† 十一の罪――さくら花 散りぬる風の なごりには(弐)
「ベラベラしゃべっちゃってくれてっけど、俺を帰すつもりはねーってことか」
それまで飄々としていた大男は、目つきを一変させて信雄を見定めた。
「……だったら、どうする?」
「弁護士を呼んでくれ」
「……ふっ。いやー、おもしろいねー、君っ! 警察がだめなのに弁護士ときたかー。気に入ったよ。えらい人たちにお任せする気まんまんだったけど、ちょっくら上にかけあってみるかな」
上機嫌そうに部屋を後にする男。
残された少女も、早足で退室する。
「……新たな出会いなんかじゃ、ないもん――――」
廊下に出た彼女は、名残惜しげに振り返り、憂いを帯びた瞳でドアを見つめた。
「えー、喜多村班が武蔵野市で怪魔との戦闘中に保護した少年・緑川信雄の処遇じゃな。柚木」
日本支部の面々が大テーブルを囲んで着席すると、柚木が指名される。
「過去の目撃者同様に処理すればよい話かと」
「記憶を消す、と」
淡々とした口上に、沢城が確認するように付け加えた。
「うちのチームで預かるのはどうでしょうかねー? いよいよ桜花くんと二人になってしまったもので」
「喜多村班はヘルシャフト発足に際し、育成してきたランカーを引き抜かれ、先日、重傷を負った稲目展男も意識が戻っていませんね」
「柚木の言うように、喜多村班には人員補充が必要じゃと考えていたところではあるが、林原に取られたのはともかく、おぬしは部下を次々と死なせとるからなあ。これ以上、殉職者に連ねる名が増えるというのも困りようじゃ」
「うーん……せっかく稲目くんと名前もかぶってるし、見込みありそうなんだけどなあ」
多聞が会議室を出てから、薄暗い廊下をついてくる気配が一つ。
「……なんだ、まだ起きてたのかい」
珍しく乱れている部下の息遣いと足音に、参ったとばかりに彼は向き直った。
「お願いです。彼の記憶を消すのは、どうか――――」
掠れ声で少女は懇願する。静寂に響き渡るそれは、上司も耳にしたことのない悲壮感と真剣味を伴っていた。

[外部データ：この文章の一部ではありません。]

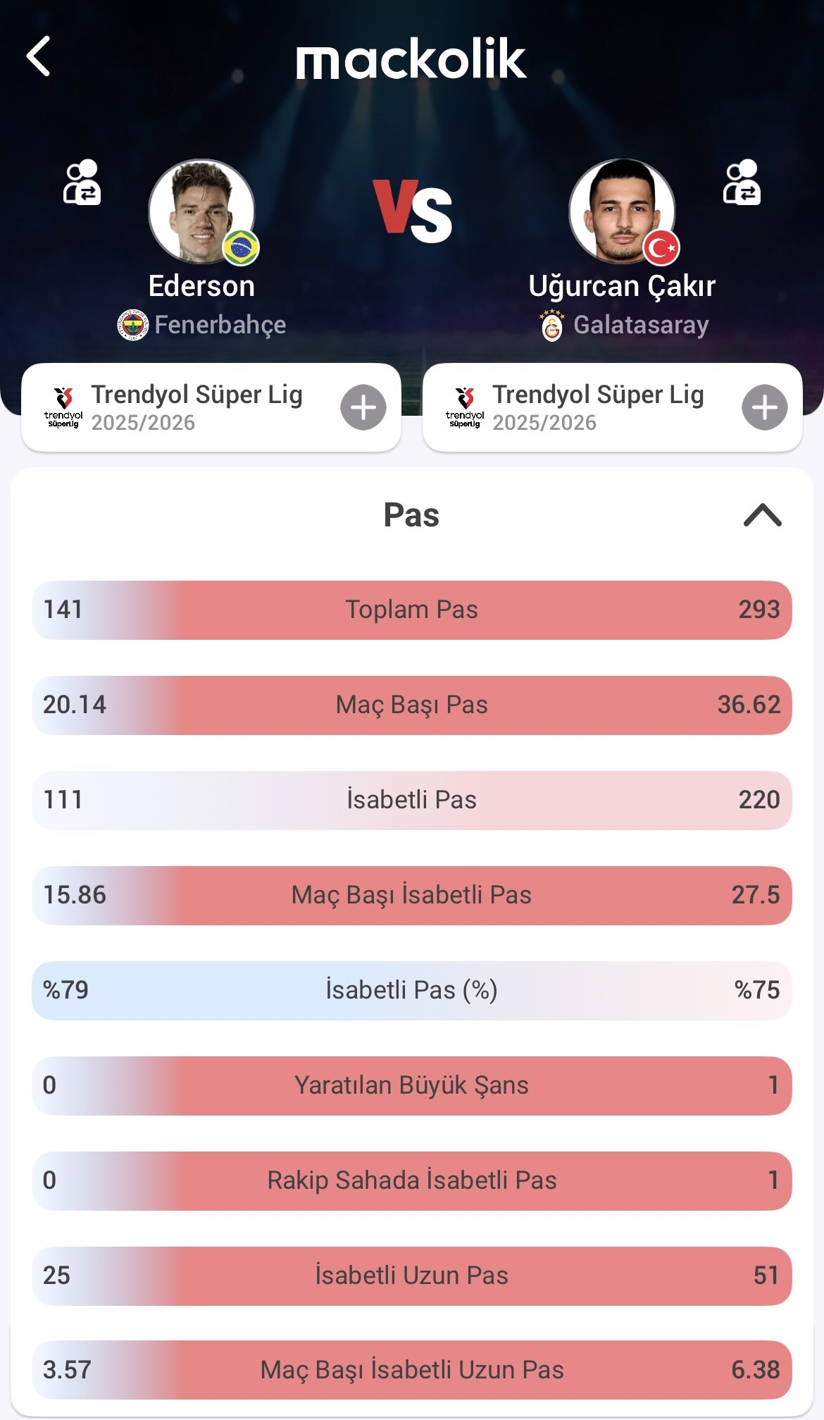 Bu sezon 7 maçta 630 dakika süre alan sarı-lacivertli kalecinin Mackolik ortalama puanı 6.71 iken sarı-kırmızılı eldiven ise 8 maçta 720 dakika süre buldu ve 7.34'lük Mackolik ortalama puanına sahip.

「もう逃げて。きみがおぼえててくれただけでもよかった」
「良くねーよ。俺はおまえを思い出にするつもりなんてねーからな!」
吹き飛ばされようと、すぐに膝立ちまで起き上がり、信雄は言い放つ。
「おい蝿っ子。どうにかなんねーのか、この黒いの」
「吾輩のふしょくの力が喰らうのは敵だけではない。人間の魂をもむしばむのじゃ。この娘の命を吸い尽くすまで止まらん」
「なら、その現象ごと消すしかねーな。カルタグラは斬った存在を否定する剣なんだろ? どんな呪いだろうと、この世になかったってなっちまえば汚染も収まるんじゃねーのか」
「……あの娘ごと害すおそれがないと、ちかえるか?」
「原因はあんたと契約したことによる、いわば歪みだ。元々あいつの中にあったもんじゃねーなら、具現化して外に出てきてる部分をやりゃ解放されるはずだろ」
彼は毅然として反論するが、顔をしかめるベルゼブブ。
「う、あうぅ……だッ、だが――――」
「だが……? だが、なんだ? 他に手でもあんなら言えよ。言葉にできねー程度の決意と算段なら、無意味に消極的な姿勢を示すな。こうしてる間にも三条の心は死んでってんだろ? 心が死んだまま生きてたって、それは生きてるって言わねーよ。もう、みつきみたいな人ならざる人はたくさんだ! たくさんなんだよ…………」
信雄の悲痛な叫びを、無機質な雨音がかき消していった。
「……全魔力を集束して防ぎきりましたか。よく耐えたものですが、次の一手が続かなくなった以上、もはや万に一つの勝算もありませんよ。なかなかの手応えでしたが、そろそろ、この幕はしまいとしましょう」
ベリアルは満身創痍の老兵を一瞥し、手元の焔を波打たせる。
(死は怖くない。覚悟など、兵士を志したときから、とっくにできていた。だが――弱肉強食のこの世界でこんな外道より下として終わるのは、怖くてしょうがない……!)
歯を食い縛って、多聞は立ち上がった。
「ぐうぉおおおおおぁああー!」
雄叫びと共に駆け出す彼に、迎撃の炎弾が殺到する。